Last week, the Second Circuit – in Tilton v. SEC – joined the recent Seventh and DC Circuit decisions (Bebo v. SEC and Jarkesy v. SEC) by finding that constitutional challenges to the SEC’s administrative law judge proceedings can’t go forward in court until those proceedings are done. In other words, a court review can only be sought as an appeal from a final decision by an ALJ.

The Eleventh Circuit now is the last court out there with a pending case (Hill v. SEC) that could possibly create a circuit split – so it looks unlikely that the Supreme Court would decide to weigh in. I’ve posted memos on the Tilton & other decisions in our “SEC Enforcement” Practice Area

Broc Romanek

June 3, 2016

The Launch: Our New “Big Legal Minds” Podcast Series

I’m excited to announce the launch of my new podcast series: “Big Legal Minds.” The series will consist of these two types of programs:

– 40-minute interviews with well-known folks from our community about their illustrious careers (four of these are posted so far)
– 20-minute talk shows with a pair of practitioners about news of the day (first one of these is coming soon)

The podcasts are available in 3 different ways:

– Posted on TheCorporateCounsel.net with our other podcasts
– Posted on BigLegalMinds.com
– Available on iTunes or Google Play (use the “My Podcasts” app on your iPhone and search for “Big Legal Minds”; you can subscribe to the feed so that any new podcast automatically downloads)

So many people listen to podcasts these days that they subscribe to via their phones that I decided to make our podcasts available in this “easy-to-download & listen” format. Let me know if you have ideas!

Susan Wolf on “Being In-House”

As part of this “Big Legal Minds” series – check out this 35-minute podcast, during which Susan Wolf of Global Governance Consulting describes her vast experience on being an in-house lawyer & corporate secretary, including:

– How did you become a lawyer in this field?
– What was it like going in-house straight out of law school?
– What pointers do you have for working with directors?
– How has working with boards changed over the past two decades?
– What tips do you have for looking for a new in-house job?
– What tips do you have to ask for a raise when you’re in-house?
– How has it been working for yourself?

blm logo

XBRL: Errors Going Down

According to this press release from XBRL USA, error rates in XBRL filings are down significantly – also see this graph comparison

Broc Romanek

June 2, 2016

The Dumbest Rule Ever (Interim-ly) Adopted…
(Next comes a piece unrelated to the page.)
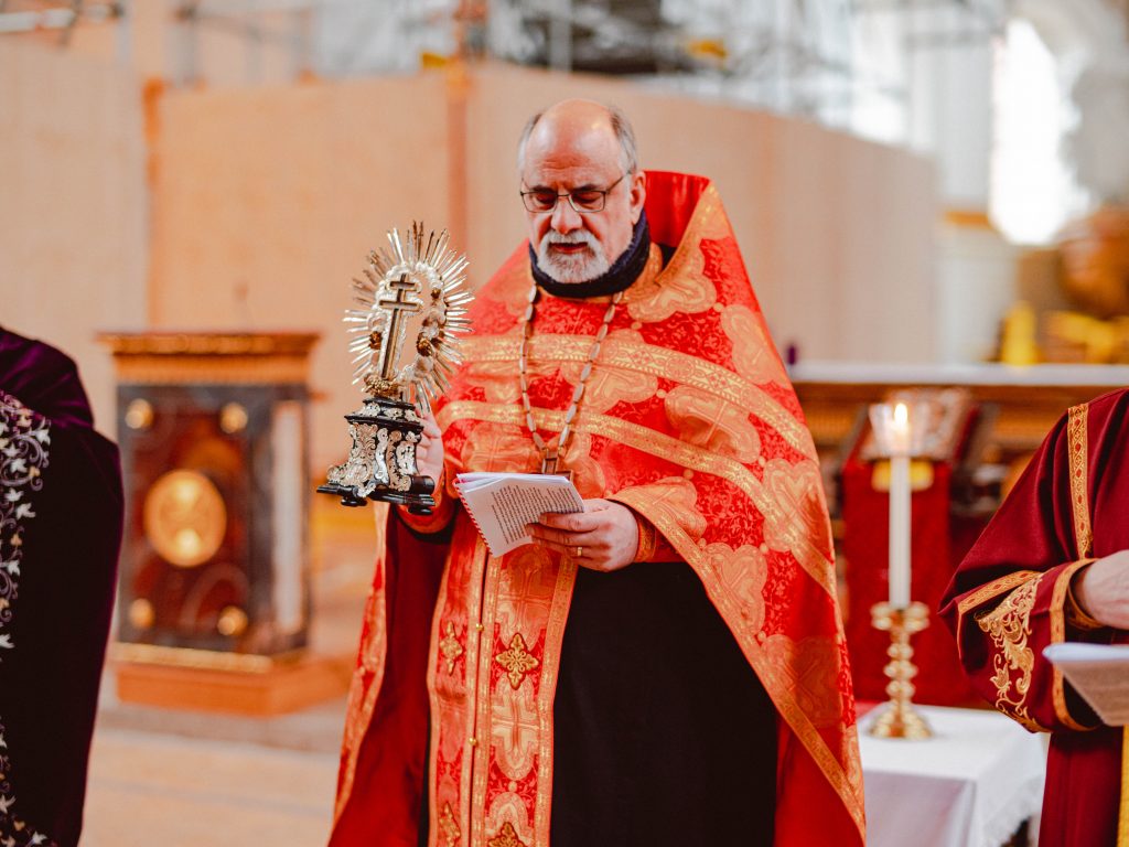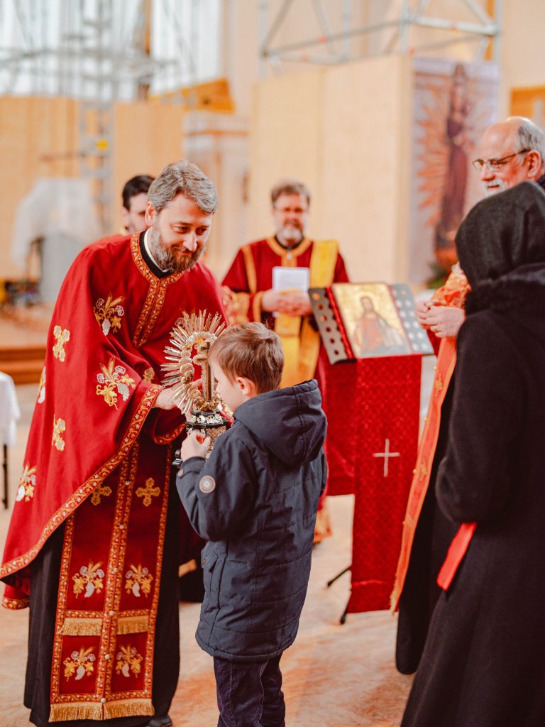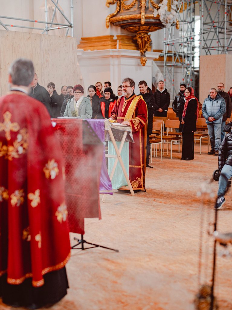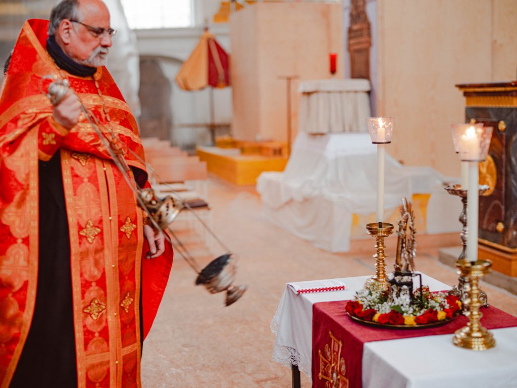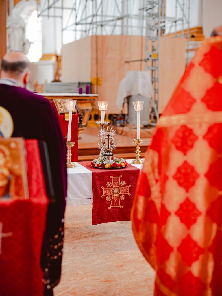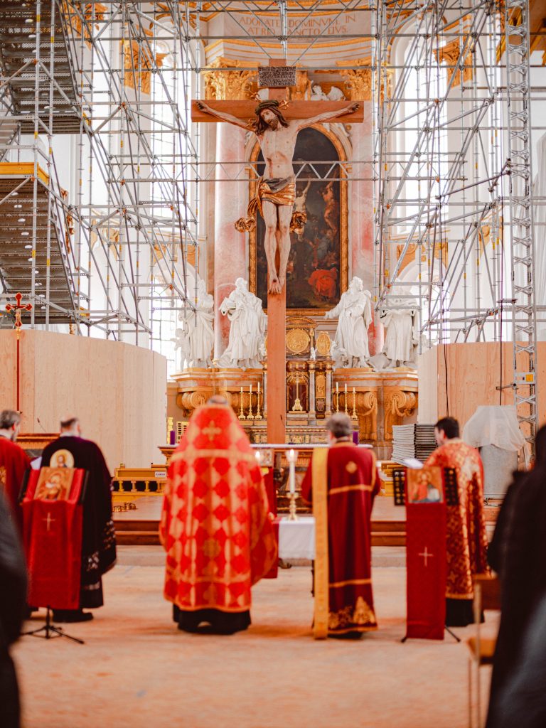 Am 15. März 2026, dem 3. Sonntag der großen Fastenzeit, dem Sonntag der Kreuzverehrung haben wir wieder zur Wallfahrt ins Kloster Wiblingen eingeladen. Seit 2018 findet diese Wallfahrt statt. Im Kloster Wiblingen haben wir die Möglichkeit einen Teil des lebensspenden Kreuzes unseres Herrn Jesus Christus zu verehren. Dieses Jahr wurde das heilige Kreuz von ca. 130 Gläubigen verehrt, die aus verschiedenen Gemeinden aus Baden-Württemberg teilgenommen haben.

“No, you’re a stupid head!” Not to drift into a political discussion, but I hate when some folks in Congress complain about the government being too big & how federal agencies have adopted too many rules – but then Congress goes ahead & forces the SEC to adopt something like this interim final rule that was adopted yesterday. This is the stupid rule required by the FAST Act to allow Form 10-K filers to provide a summary of business & financial information. The fact that the adopting release is only 23 pages says it all. Given its foolishness, the SEC wisely made the rule principles-based – allowing companies to fashion their voluntary summary as they wish.

The new rule doesn’t require a summary – it merely allows it. News flash: it was already permissible to do so – as the SEC notes on page 4 of the adopting release. A complete waste of the Staff’s time. And I will ship a CorporateAffairs.tv t-shirt to anyone who writes a law firm memo solely dedicated to it. [Update: We have a winner of the shirt! Congrats to Kaye Scholer’s Sara Adler!]
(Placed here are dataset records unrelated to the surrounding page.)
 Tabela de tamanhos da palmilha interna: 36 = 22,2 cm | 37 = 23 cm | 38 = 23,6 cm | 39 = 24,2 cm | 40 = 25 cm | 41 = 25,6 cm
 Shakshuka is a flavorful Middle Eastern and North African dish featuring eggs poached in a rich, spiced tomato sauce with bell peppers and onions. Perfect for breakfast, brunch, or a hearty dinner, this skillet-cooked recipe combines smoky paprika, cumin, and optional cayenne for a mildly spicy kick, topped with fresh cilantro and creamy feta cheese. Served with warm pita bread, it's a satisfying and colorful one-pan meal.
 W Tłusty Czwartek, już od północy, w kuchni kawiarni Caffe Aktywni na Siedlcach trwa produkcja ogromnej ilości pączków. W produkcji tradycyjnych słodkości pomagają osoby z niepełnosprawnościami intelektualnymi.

This interim final rule will become effective as soon as it’s published in the Federal Register – so within the next week – and folks can comment for 30 days if they want to push the SEC to change it before it becomes “final final.” Don’t be shocked if this rulemaking doesn’t receive a single comment…

Glass Lewis Responds to Proposed Proxy Advisor Legislation

Here’s a blog by Davis Polk’s Ning Chiu about this statement from Glass Lewis KT Rabin about the proposed House bill that would enhance proxy advisor oversight…

SEC’s Budget: Going Down?

Here’s an excerpt from this WSJ article by Andrew Ackerman:

On Wednesday, a House Appropriations subcommittee approved a funding plan for the fiscal year beginning Oct. 1 that for the first time since before the crisis envisions cutting the market cop’s budget, to the tune of $50 million. That would represent a relatively modest decrease to a budget that has steadily grown to about $1.6 billion in the current year from about $900 million in 2007. Still, the House’s proposed decrease is an important inflection point. If adopted, it would mark the first time in a decade that Congress has voted to cut the agency’s budget.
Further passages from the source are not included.